Barnacles serves gastropub quality food without the chic décor or the prices

barnaclesI have reviewed the food at a number of taverns lately, causing some people to wonder if I have been drinking dinner or eating it. To them I say that like any reviewer, I write about what my readers are consuming, and lots of them are eating in bars. This is due to two trends – the young crowd who dine out most often are comfortable in that atmosphere, and bars are serving increasingly good food. It’s not always what I’m in the mood for, since I like peaceful and conversational dinners, but I must admit that I’m not immune to the excitement and energy of a lively room.

I overlooked Barnacles until recently despite the fact that it is actually across the street from this newspaper’s office. I had tried eating there about a year and a half ago and despite the place having a short menu, they were out of most items. There was nothing particularly interesting on the menu, so I said I’d come back another time, but didn’t. Then a few months ago, one of my colleagues at the paper mentioned that Barnacles served up a pretty impressive bowl of pho, the Vietnamese beef noodle soup. At first I thought I had misheard him — the divey bar across the street served pho? True, he insisted – they had a Vietnamese cook for a while, and he taught the rest of the staff. I immediately resolved to give the place another visit.

Barnacles used to be Fat Face Fenner’s Falloon, and it still looks like a beach bar circa 1965, albeit with flat screen TVs and staff who don’t look like derelicts. There are fewer staff, though – on our first visit on a Wednesday evening there was only one woman named Lauren who was bartender, server, busser, and woman of all tasks. Doing all of these at once is near miraculous; doing them while remaining cheerful is too much to ask, but she did it.

The menu looks like the usual bar snacks with two exceptions – the ceviche and the aforementioned pho.  But properly done bar food can be good, indeed. We started out with carne asada fries, homemade chili, and a small order of wings to see how this kitchen stacks up.
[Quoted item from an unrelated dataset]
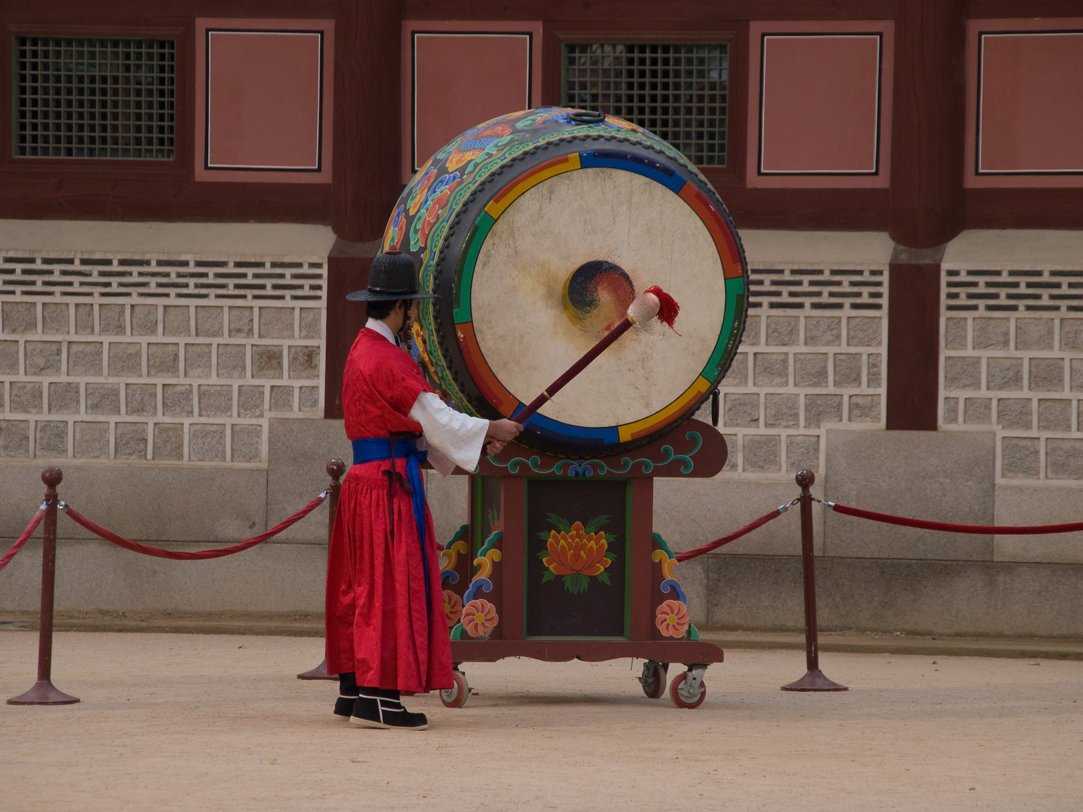 The changing of the guard ceremony at the Gyeongbokgung Palace.
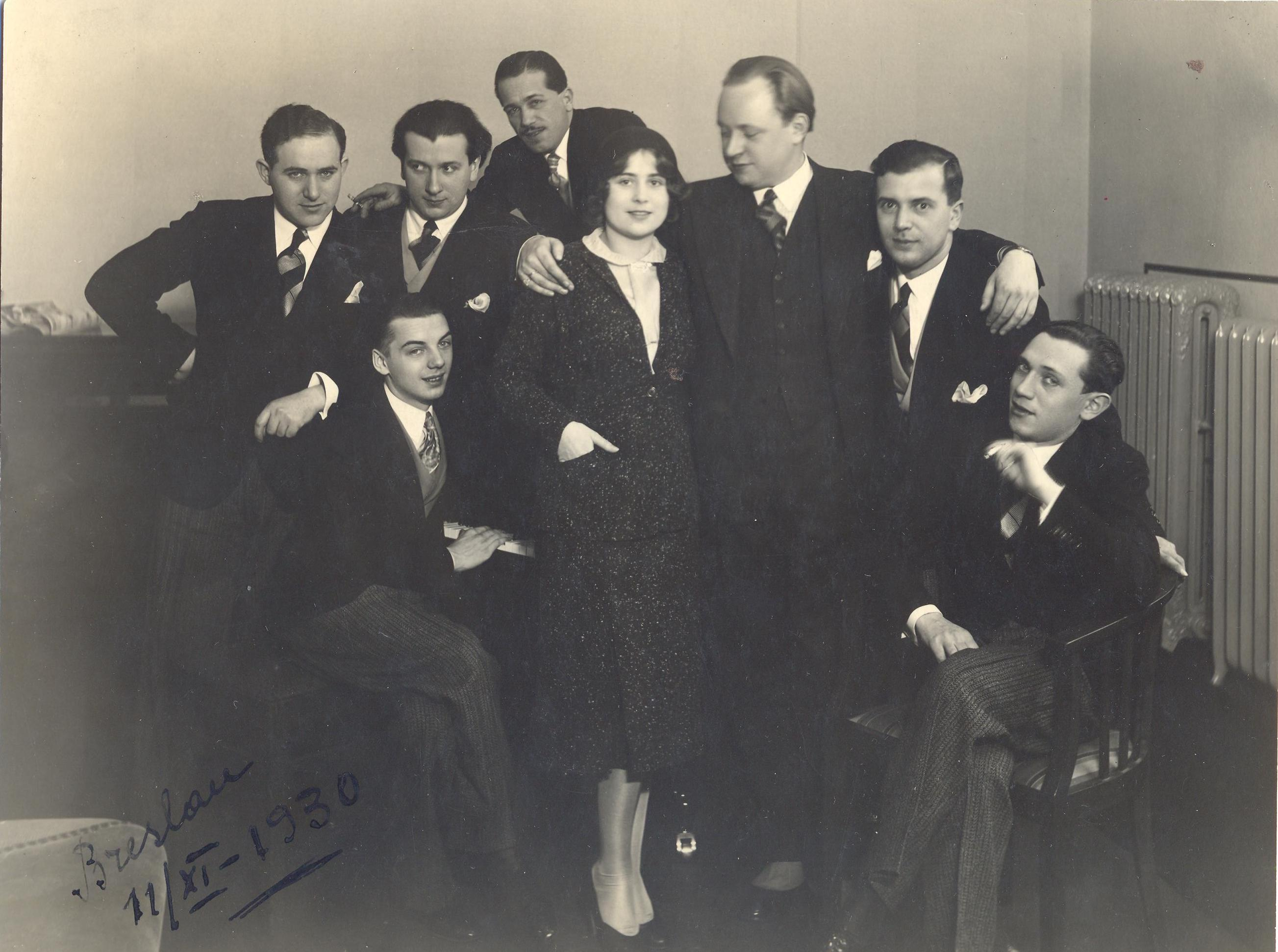 Comedian Harmonists, Breslau, 11.11.1930

The wings were good but conventional – it is possible to mess up wings, and I’ve been to places that did it, but these were crisp and not greasy, which checks all the boxes. Carne asada fries are an idea I don’t remember seeing before, but you can get mileage putting anything on top of French fries, so I suppose it was inevitable. It was more than just meat and potatoes – melted cheese, bits of green onion and tomato, and sour cream made it varied, and if you counted the homemade salsa it was almost a balanced meal. I’d ask for the sour cream on the side next time since the portion was excessive, but I would order it as a starter or a meal.

Barnacles Bar and Grill

Gana Kim and Adam Casper enjoy Vietnamese pho with their brews, served by bartender Jennifer Cole. Photo by Kevin Cody

The ceviche was surprising – large chunks of fresh tuna in a tangy lime and spice marinade with a hint of red pepper heat, topped with avocado and cilantro. The balance of cool fish and spicy, citrusy, and piquant flavors was spot on, and it paired nicely with a rich amber beer. I would recommend Barnacles for this item alone, because it was that good.

We had ordered a New York steak, a blue cheese burger, and a bowl of pho for main courses, and they arrived just as we finished the starters. The steak was flavorful and tender but done past the medium rare that we had requested. It had a good flavor and slight char that you get from a proper high-temperature grill. I’d have another but order it rarer than I actually want. We chose grilled zucchini and homemade potato chips, both of which were hot, fresh, and good.

The burger benefited from that char-grill flavor too, with a tasty sear on the hand-formed patty. It was a big, messy, tasty burger that reminded me of the old Fallon days, and there is no higher praise for a bar burger. As for the pho, the item that had brought me there in the first place, it was the genuine article. The beefy broth had a shot of star anise and herbs, not quite as assertive as you’d get in a Vietnamese neighborhood joint but still very good, and there were fresh bean sprouts and Thai basil as add-ins. It ranks with any pho you’re going to get around the beach cities, and is above what I’ve had in many Asian neighborhoods.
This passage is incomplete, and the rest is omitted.